DATA UNDER STUDY>
* * *
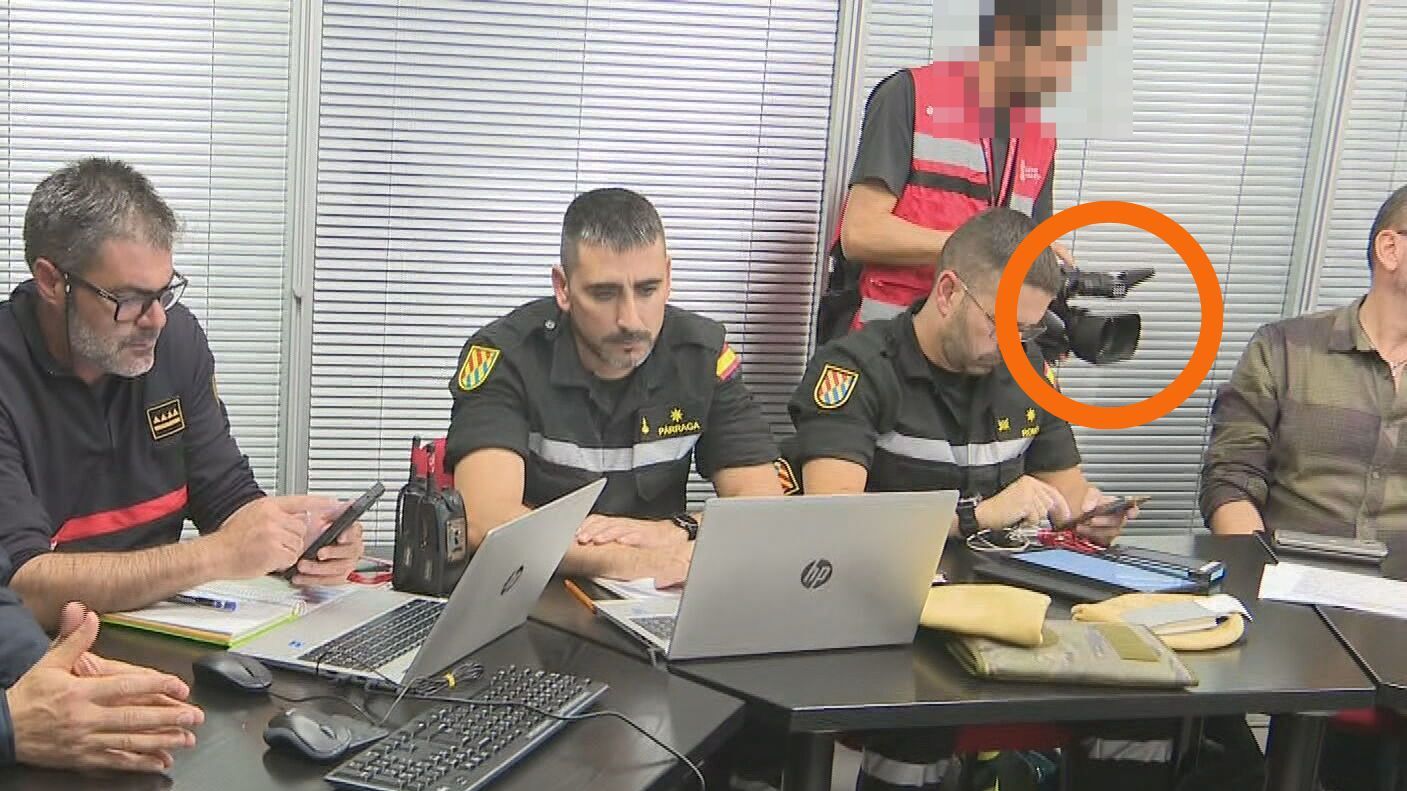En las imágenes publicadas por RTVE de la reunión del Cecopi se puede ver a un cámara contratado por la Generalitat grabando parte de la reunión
* * *
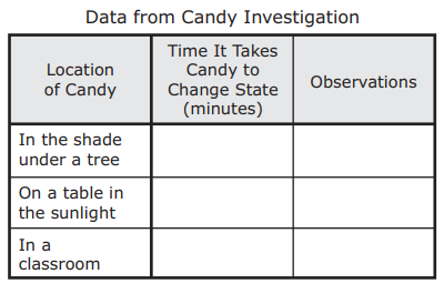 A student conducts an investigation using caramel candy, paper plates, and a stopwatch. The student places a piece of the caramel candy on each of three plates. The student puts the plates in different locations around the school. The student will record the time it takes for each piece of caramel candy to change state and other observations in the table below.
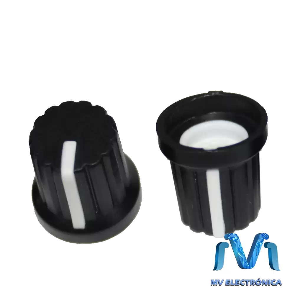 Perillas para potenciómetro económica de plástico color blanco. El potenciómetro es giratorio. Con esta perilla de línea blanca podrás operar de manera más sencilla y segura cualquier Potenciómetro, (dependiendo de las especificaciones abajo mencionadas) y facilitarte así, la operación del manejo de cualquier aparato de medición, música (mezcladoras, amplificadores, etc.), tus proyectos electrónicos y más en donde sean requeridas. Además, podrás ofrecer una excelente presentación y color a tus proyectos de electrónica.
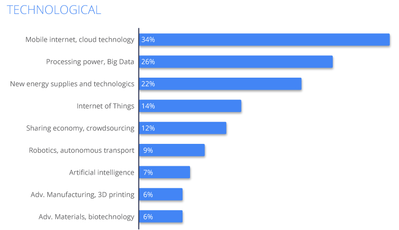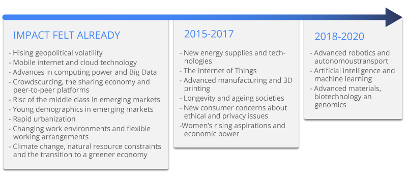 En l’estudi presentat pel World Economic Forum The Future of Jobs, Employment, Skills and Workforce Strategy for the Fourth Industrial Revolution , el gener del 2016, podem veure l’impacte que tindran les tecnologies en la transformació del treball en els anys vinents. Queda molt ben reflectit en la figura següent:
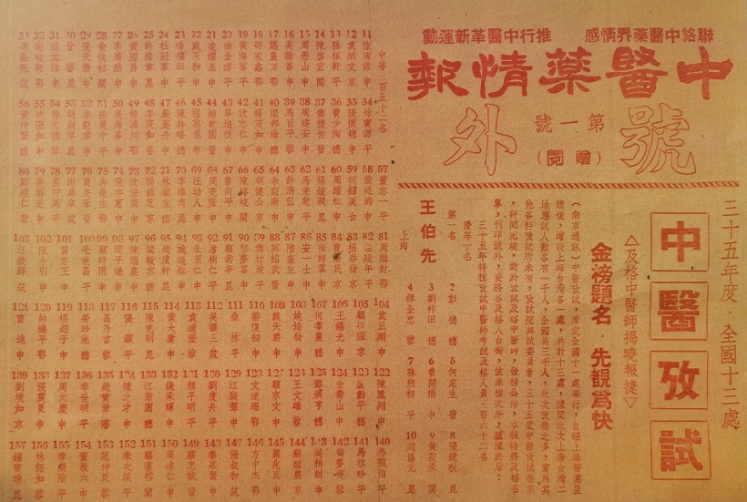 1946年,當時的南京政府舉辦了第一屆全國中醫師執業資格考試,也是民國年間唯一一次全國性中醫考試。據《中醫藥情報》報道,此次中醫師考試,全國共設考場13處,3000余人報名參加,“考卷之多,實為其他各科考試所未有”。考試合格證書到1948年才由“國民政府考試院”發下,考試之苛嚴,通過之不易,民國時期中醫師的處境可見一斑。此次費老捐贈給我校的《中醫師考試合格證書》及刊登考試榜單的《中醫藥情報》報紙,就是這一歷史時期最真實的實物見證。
* * *
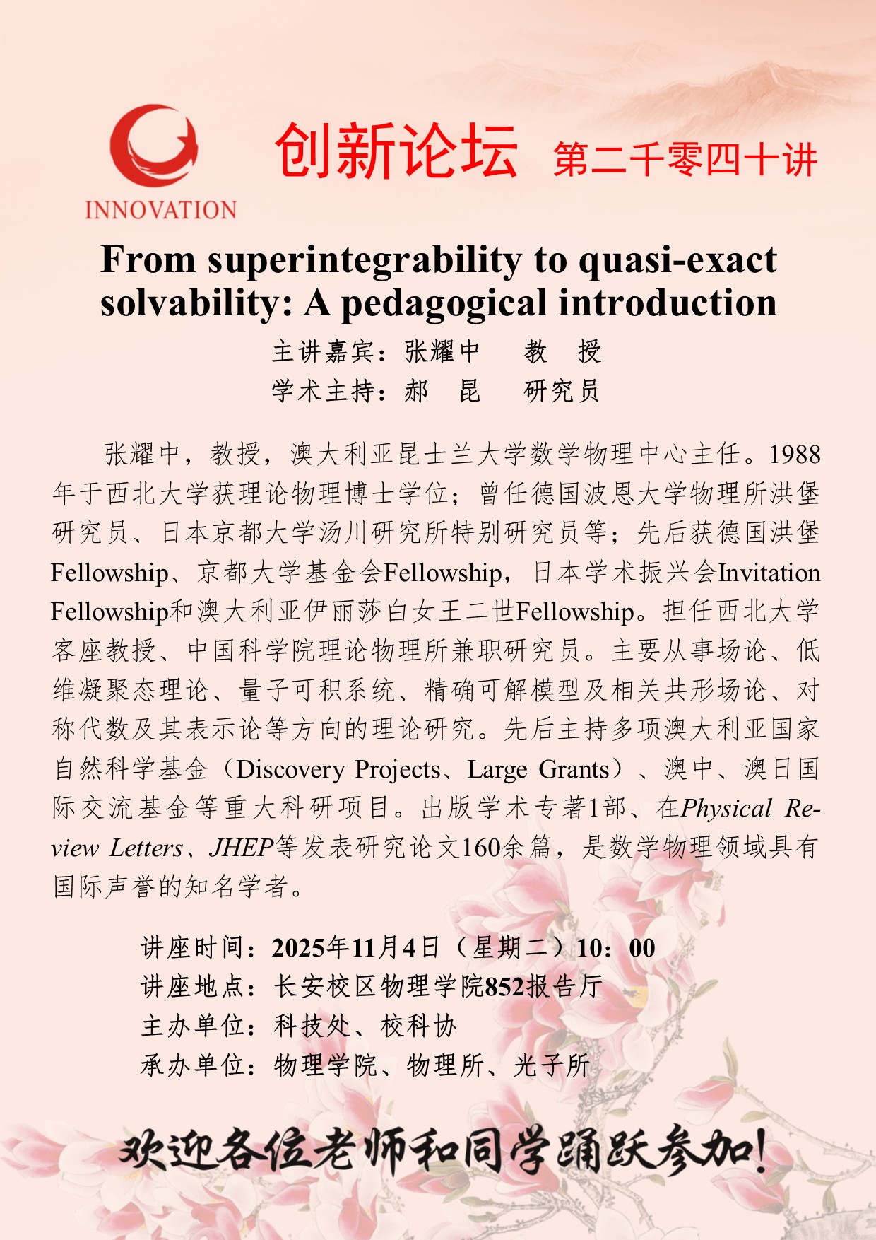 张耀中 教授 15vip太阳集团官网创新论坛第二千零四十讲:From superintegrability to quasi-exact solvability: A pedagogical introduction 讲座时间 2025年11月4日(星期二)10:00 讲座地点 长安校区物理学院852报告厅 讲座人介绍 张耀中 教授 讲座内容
* * *
WORK TO BE COMPLETED> Beginning with the line that contains "En l’estudi presentat", write out the lines of the material above exactly, and end with the line that contains "1946年,當時的南京政府舉". Omit the pictures.

RESPONSE TO THE TASK>
 En l’estudi presentat pel World Economic Forum The Future of Jobs, Employment, Skills and Workforce Strategy for the Fourth Industrial Revolution , el gener del 2016, podem veure l’impacte que tindran les tecnologies en la transformació del treball en els anys vinents. Queda molt ben reflectit en la figura següent:
 1946年,當時的南京政府舉辦了第一屆全國中醫師執業資格考試,也是民國年間唯一一次全國性中醫考試。據《中醫藥情報》報道,此次中醫師考試,全國共設考場13處,3000余人報名參加,“考卷之多,實為其他各科考試所未有”。考試合格證書到1948年才由“國民政府考試院”發下,考試之苛嚴,通過之不易,民國時期中醫師的處境可見一斑。此次費老捐贈給我校的《中醫師考試合格證書》及刊登考試榜單的《中醫藥情報》報紙,就是這一歷史時期最真實的實物見證。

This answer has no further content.